■ **What to produce**
If a picture appears in the records, leave it out and transcribe the rest exactly.

■ **Data shown**
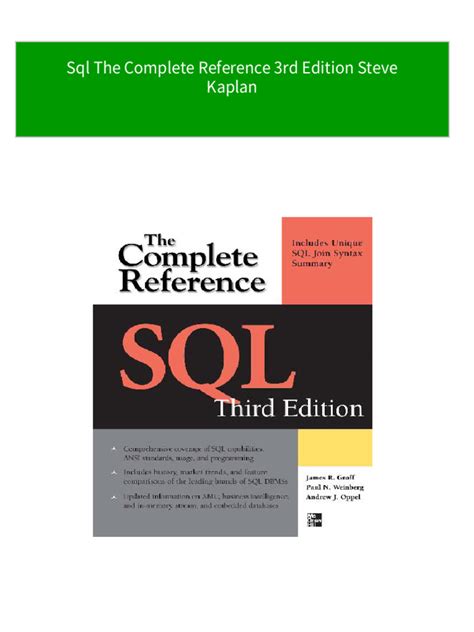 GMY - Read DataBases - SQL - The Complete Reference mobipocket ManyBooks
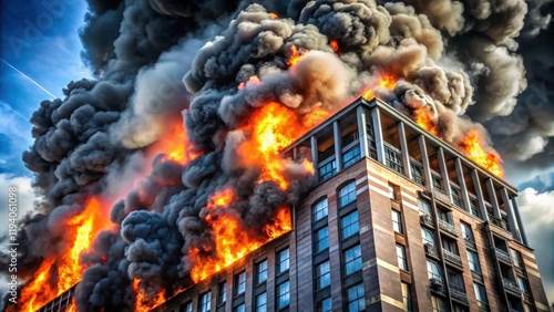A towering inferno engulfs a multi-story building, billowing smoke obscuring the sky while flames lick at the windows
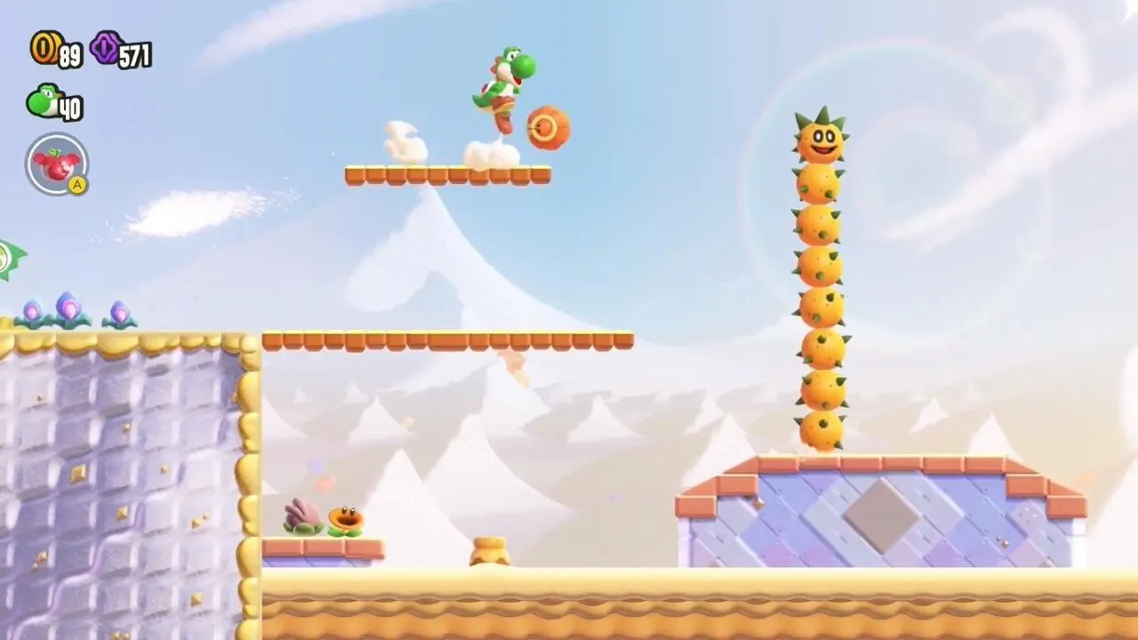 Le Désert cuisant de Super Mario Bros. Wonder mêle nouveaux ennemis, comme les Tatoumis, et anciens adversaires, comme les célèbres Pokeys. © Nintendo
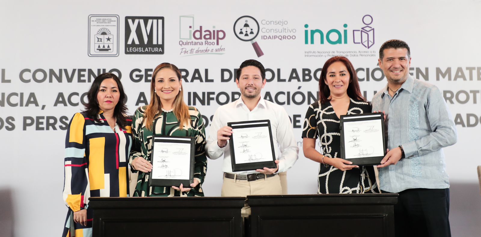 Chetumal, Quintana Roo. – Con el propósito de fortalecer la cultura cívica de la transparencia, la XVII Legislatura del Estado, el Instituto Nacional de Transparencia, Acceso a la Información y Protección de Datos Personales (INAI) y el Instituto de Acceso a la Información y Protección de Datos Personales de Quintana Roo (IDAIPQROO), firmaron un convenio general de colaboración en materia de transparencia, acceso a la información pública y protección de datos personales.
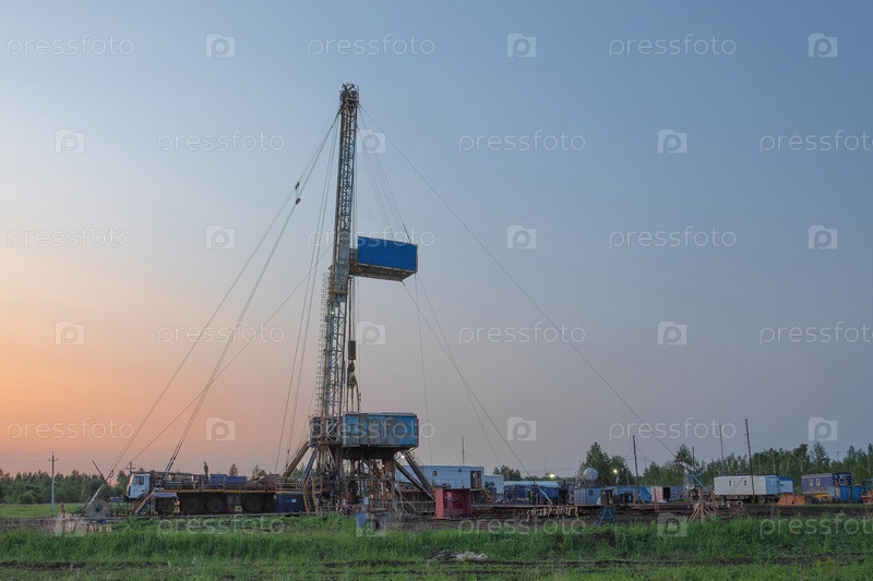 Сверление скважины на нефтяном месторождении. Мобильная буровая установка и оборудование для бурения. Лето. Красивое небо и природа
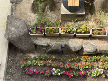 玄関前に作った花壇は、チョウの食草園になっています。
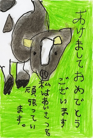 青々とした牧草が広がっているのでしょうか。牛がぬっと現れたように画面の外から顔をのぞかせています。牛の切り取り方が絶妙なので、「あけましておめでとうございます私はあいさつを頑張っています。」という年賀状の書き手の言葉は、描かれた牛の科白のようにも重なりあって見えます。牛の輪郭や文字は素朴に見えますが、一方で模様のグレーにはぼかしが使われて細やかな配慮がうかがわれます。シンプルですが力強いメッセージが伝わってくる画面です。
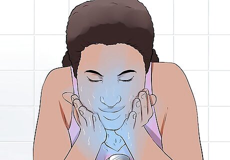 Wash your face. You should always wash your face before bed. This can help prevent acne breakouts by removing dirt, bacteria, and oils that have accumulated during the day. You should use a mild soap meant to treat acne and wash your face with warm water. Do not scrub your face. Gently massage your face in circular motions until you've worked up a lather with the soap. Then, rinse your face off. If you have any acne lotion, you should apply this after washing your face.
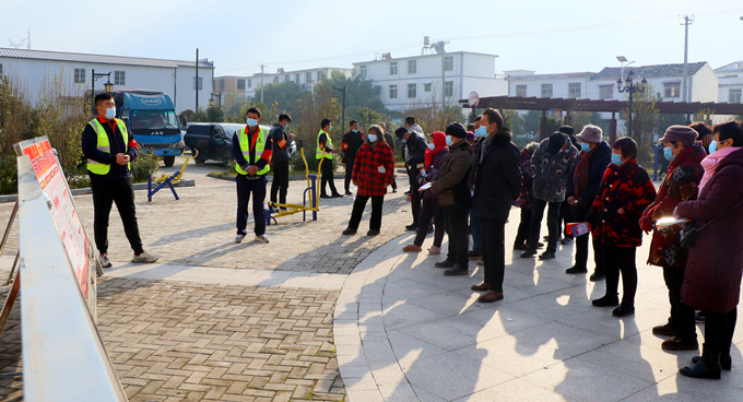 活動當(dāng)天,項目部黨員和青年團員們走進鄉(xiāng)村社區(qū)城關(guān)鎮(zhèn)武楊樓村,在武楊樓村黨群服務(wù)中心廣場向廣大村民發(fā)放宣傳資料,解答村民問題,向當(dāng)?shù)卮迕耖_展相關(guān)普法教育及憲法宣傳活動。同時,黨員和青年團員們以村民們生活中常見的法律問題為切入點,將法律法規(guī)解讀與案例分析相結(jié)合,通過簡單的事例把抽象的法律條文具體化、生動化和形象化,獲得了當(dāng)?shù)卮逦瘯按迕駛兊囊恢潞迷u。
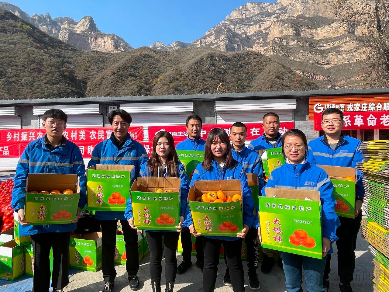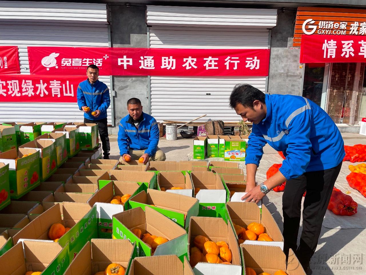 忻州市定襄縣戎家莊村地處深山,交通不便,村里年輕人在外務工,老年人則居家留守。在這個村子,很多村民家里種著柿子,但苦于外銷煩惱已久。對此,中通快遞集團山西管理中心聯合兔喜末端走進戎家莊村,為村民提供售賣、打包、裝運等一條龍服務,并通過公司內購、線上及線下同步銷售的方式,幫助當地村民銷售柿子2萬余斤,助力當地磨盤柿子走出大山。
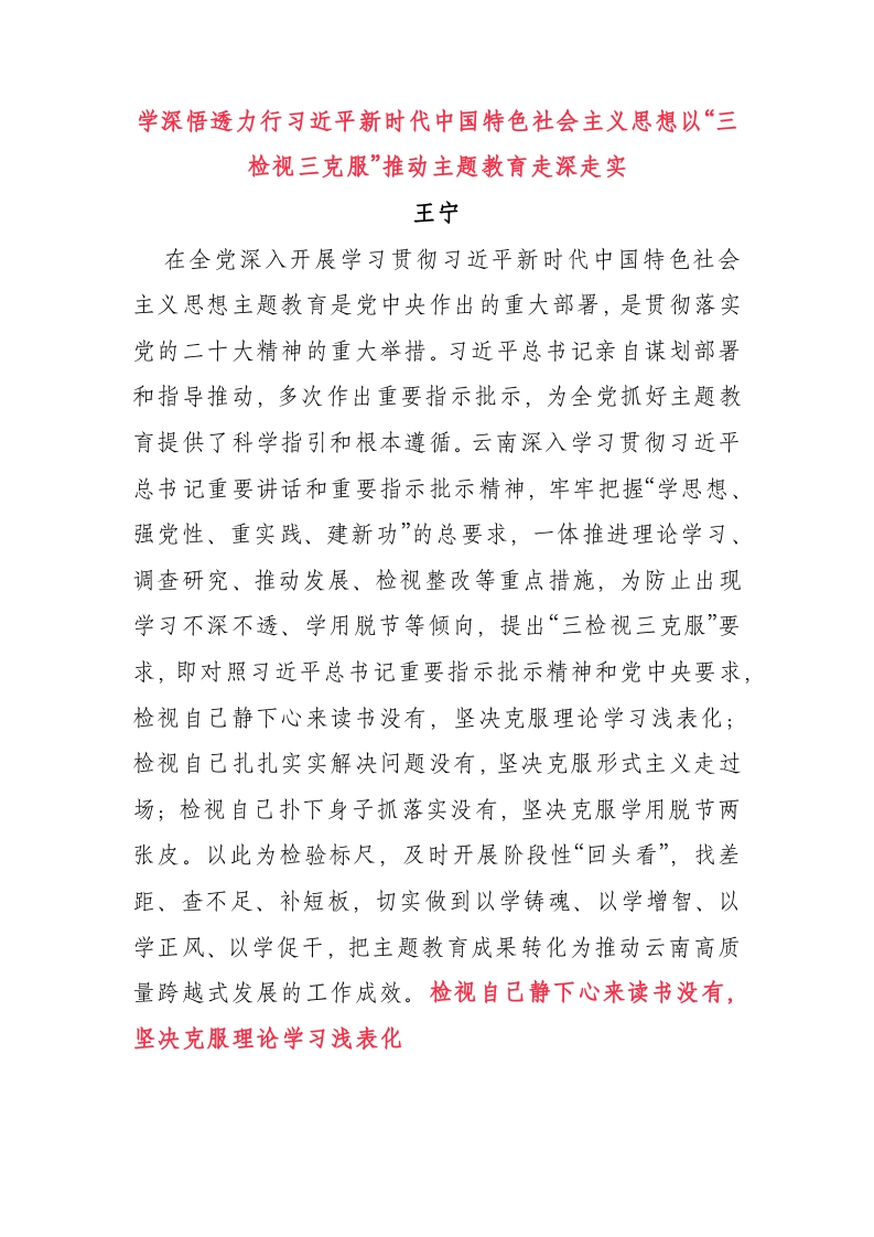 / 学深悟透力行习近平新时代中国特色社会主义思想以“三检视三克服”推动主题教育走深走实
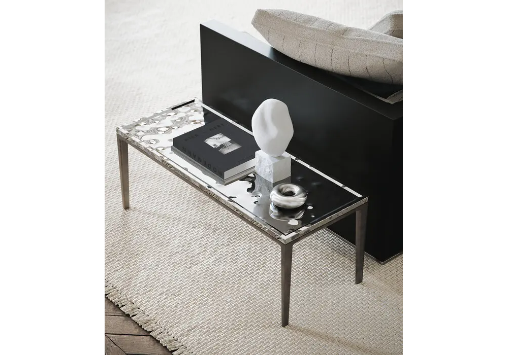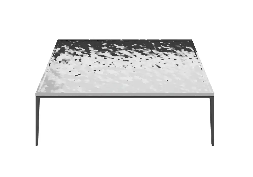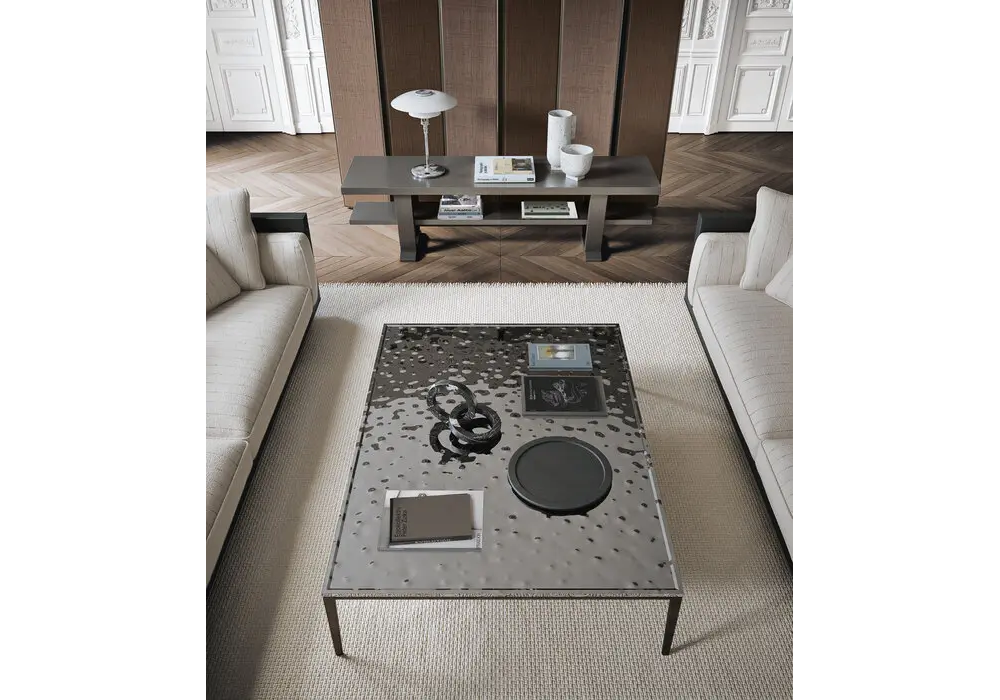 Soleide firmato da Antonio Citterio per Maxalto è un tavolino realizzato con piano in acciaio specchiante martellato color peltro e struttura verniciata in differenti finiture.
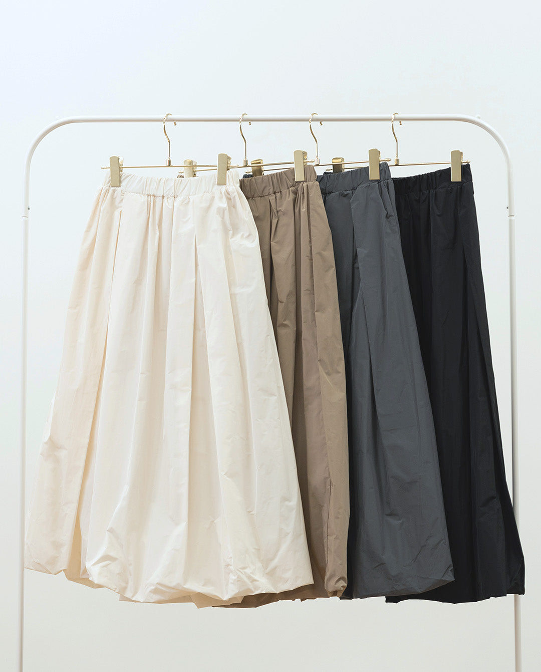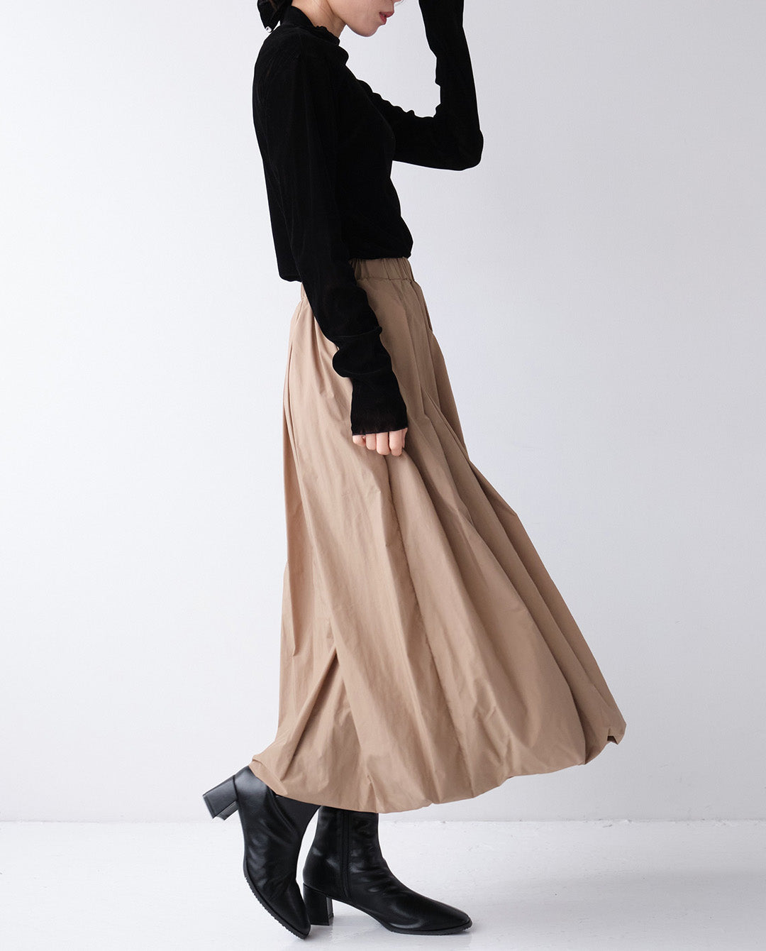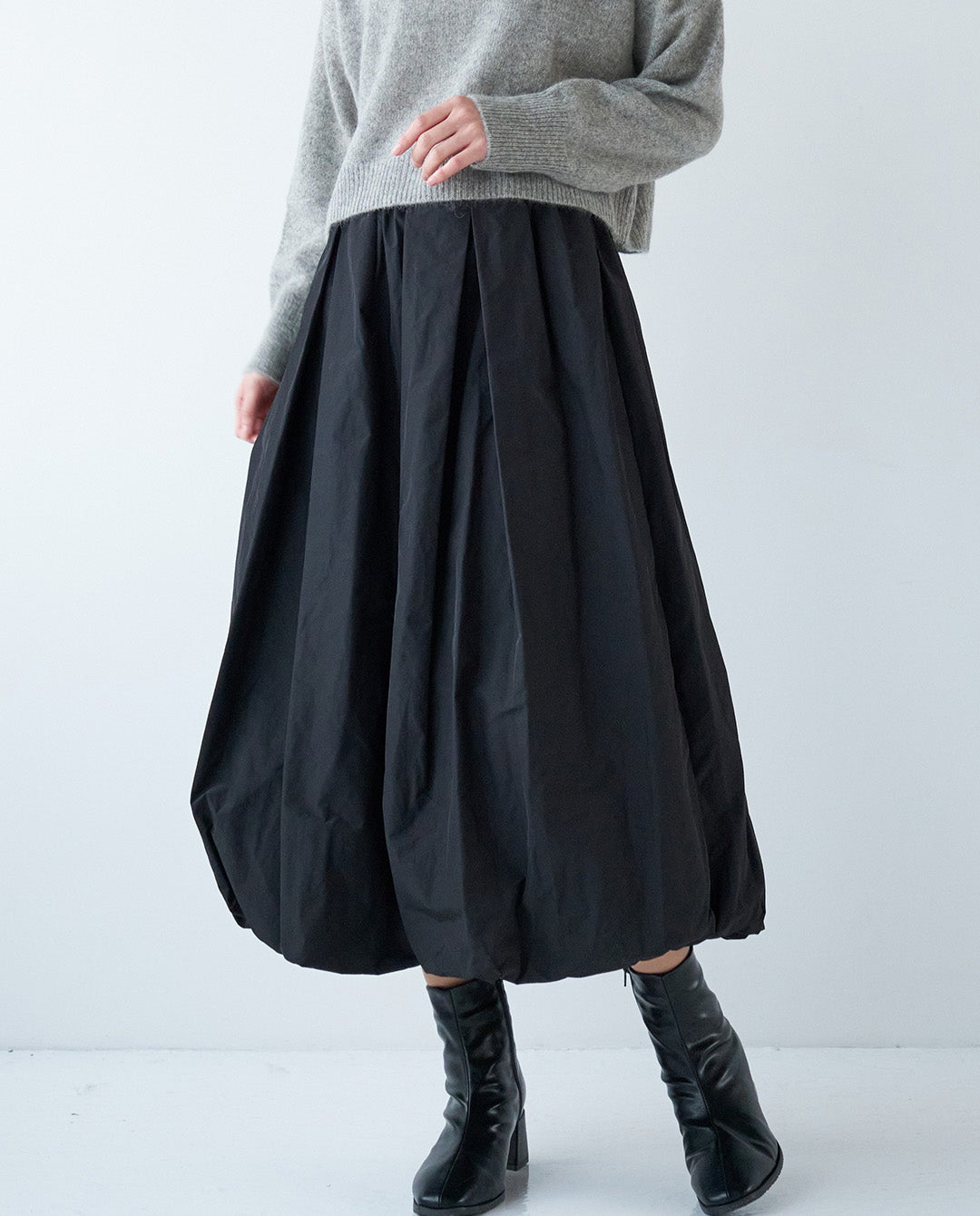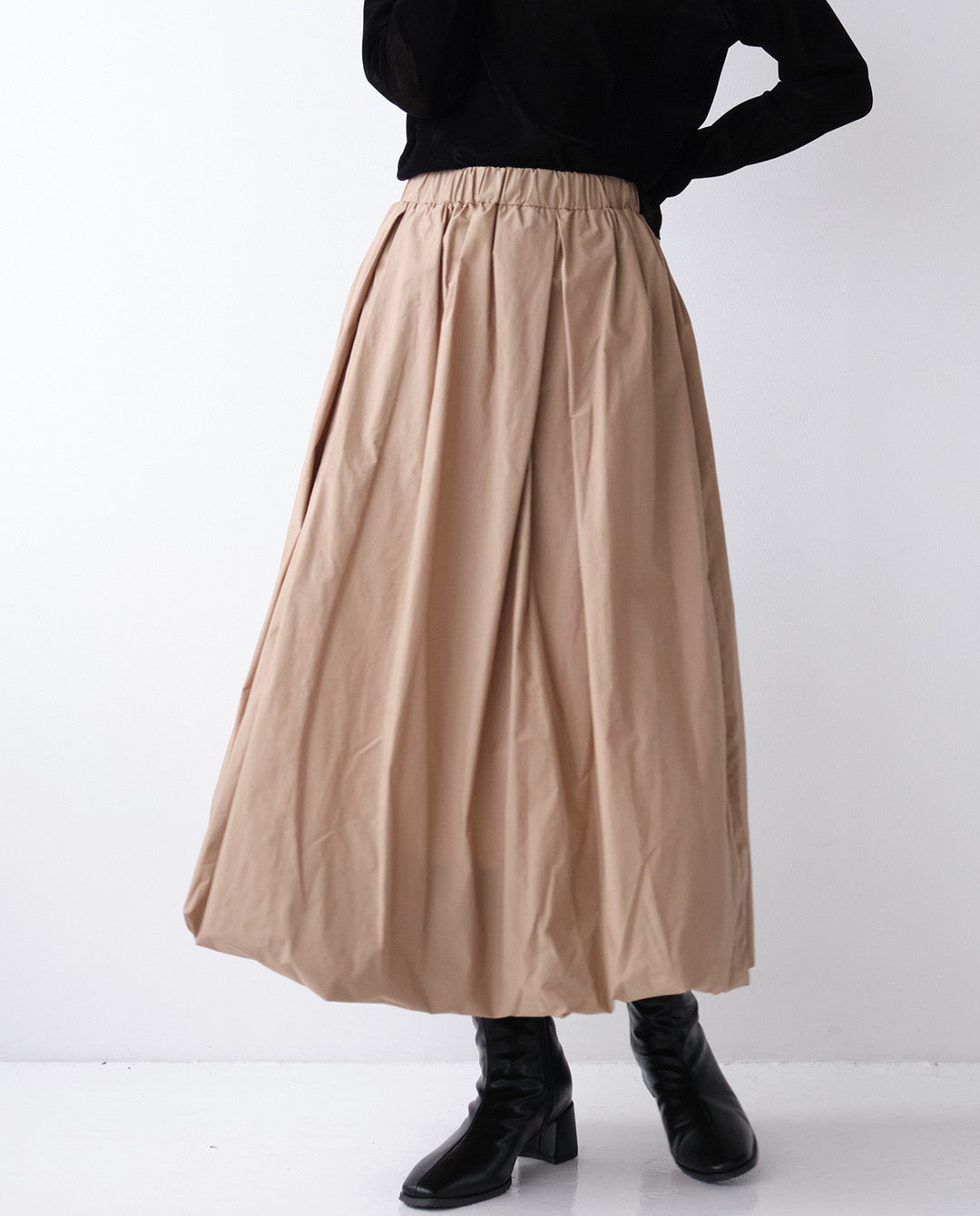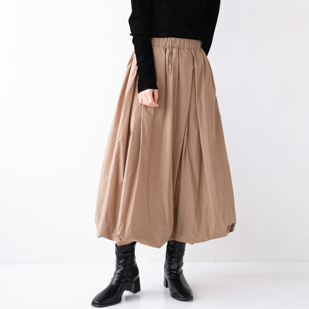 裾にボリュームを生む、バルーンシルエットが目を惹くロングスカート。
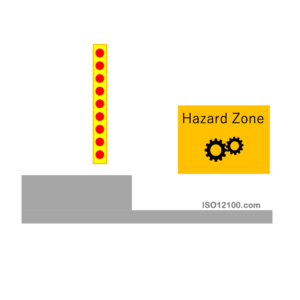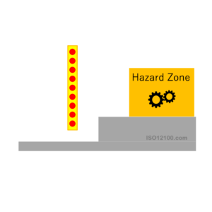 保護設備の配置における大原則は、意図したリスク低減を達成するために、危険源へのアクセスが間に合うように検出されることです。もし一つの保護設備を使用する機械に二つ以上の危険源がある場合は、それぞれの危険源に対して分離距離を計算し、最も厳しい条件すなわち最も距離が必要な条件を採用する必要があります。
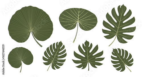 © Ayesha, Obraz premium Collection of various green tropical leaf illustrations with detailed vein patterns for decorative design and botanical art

■ **Response to this exercise**
 GMY - Read DataBases - SQL - The Complete Reference mobipocket ManyBooks
A towering inferno engulfs a multi-story building, billowing smoke obscuring the sky while flames lick at the windows
 Le Désert cuisant de Super Mario Bros. Wonder mêle nouveaux ennemis, comme les Tatoumis, et anciens adversaires, comme les célèbres Pokeys. © Nintendo
 Chetumal, Quintana Roo. – Con el propósito de fortalecer la cultura cívica de la transparencia, la XVII Legislatura del Estado, el Instituto Nacional de Transparencia, Acceso a la Información y Protección de Datos Personales (INAI) y el Instituto de Acceso a la Información y Protección de Datos Personales de Quintana Roo (IDAIPQROO), firmaron un convenio general de colaboración en materia de transparencia, acceso a la información pública y protección de datos personales.
 Сверление скважины на нефтяном месторождении. Мобильная буровая установка и оборудование для бурения. Лето. Красивое небо и природа
 玄関前に作った花壇は、チョウの食草園になっています。
 青々とした牧草が広がっているのでしょうか。牛がぬっと現れたように画面の外から顔をのぞかせています。牛の切り取り方が絶妙なので、「あけましておめでとうございます私はあいさつを頑張っています。」という年賀状の書き手の言葉は、描かれた牛の科白のようにも重なりあって見えます。牛の輪郭や文字は素朴に見えますが、一方で模様のグレーにはぼかしが使われて細やかな配慮がうかがわれます。シンプルですが力強いメッセージが伝わってくる画面です。
 Wash your face. You should always wash your face before bed. This can help prevent acne breakouts by removing dirt, bacteria, and oils that have accumulated during the day. You should use a mild soap meant to treat acne and wash your face with warm water. Do not scrub your face. Gently massage your face in circular motions until you've worked up a lather with the soap. Then, rinse your face off. If you have any acne lotion, you should apply this after washing your face.
 活動當(dāng)天,項目部黨員和青年團員們走進鄉(xiāng)村社區(qū)城關(guān)鎮(zhèn)武楊樓村,在武楊樓村黨群服務(wù)中心廣場向廣大村民發(fā)放宣傳資料,解答村民問題,向當(dāng)?shù)卮迕耖_展相關(guān)普法教育及憲法宣傳活動。同時,黨員和青年團員們以村民們生活中常見的法律問題為切入點,將法律法規(guī)解讀與案例分析相結(jié)合,通過簡單的事例把抽象的法律條文具體化、生動化和形象化,獲得了當(dāng)?shù)卮逦瘯按迕駛兊囊恢潞迷u。
 忻州市定襄縣戎家莊村地處深山,交通不便,村里年輕人在外務工,老年人則居家留守。在這個村子,很多村民家里種著柿子,但苦于外銷煩惱已久。對此,中通快遞集團山西管理中心聯合兔喜末端走進戎家莊村,為村民提供售賣、打包、裝運等一條龍服務,并通過公司內購、線上及線下同步銷售的方式,幫助當地村民銷售柿子2萬余斤,助力當地磨盤柿子走出大山。
 / 学深悟透力行习近平新时代中国特色社会主义思想以“三检视三克服”推动主题教育走深走实
 Soleide firmato da Antonio Citterio per Maxalto è un tavolino realizzato con piano in acciaio specchiante martellato color peltro e struttura verniciata in differenti finiture.
 裾にボリュームを生む、バルーンシルエットが目を惹くロングスカート。
 保護設備の配置における大原則は、意図したリスク低減を達成するために、危険源へのアクセスが間に合うように検出されることです。もし一つの保護設備を使用する機械に二つ以上の危険源がある場合は、それぞれの危険源に対して分離距離を計算し、最も厳しい条件すなわち最も距離が必要な条件を採用する必要があります。
 © Ayesha, Obraz premium Collection of various green tropical leaf illustrations with detailed vein patterns for decorative design and botanical art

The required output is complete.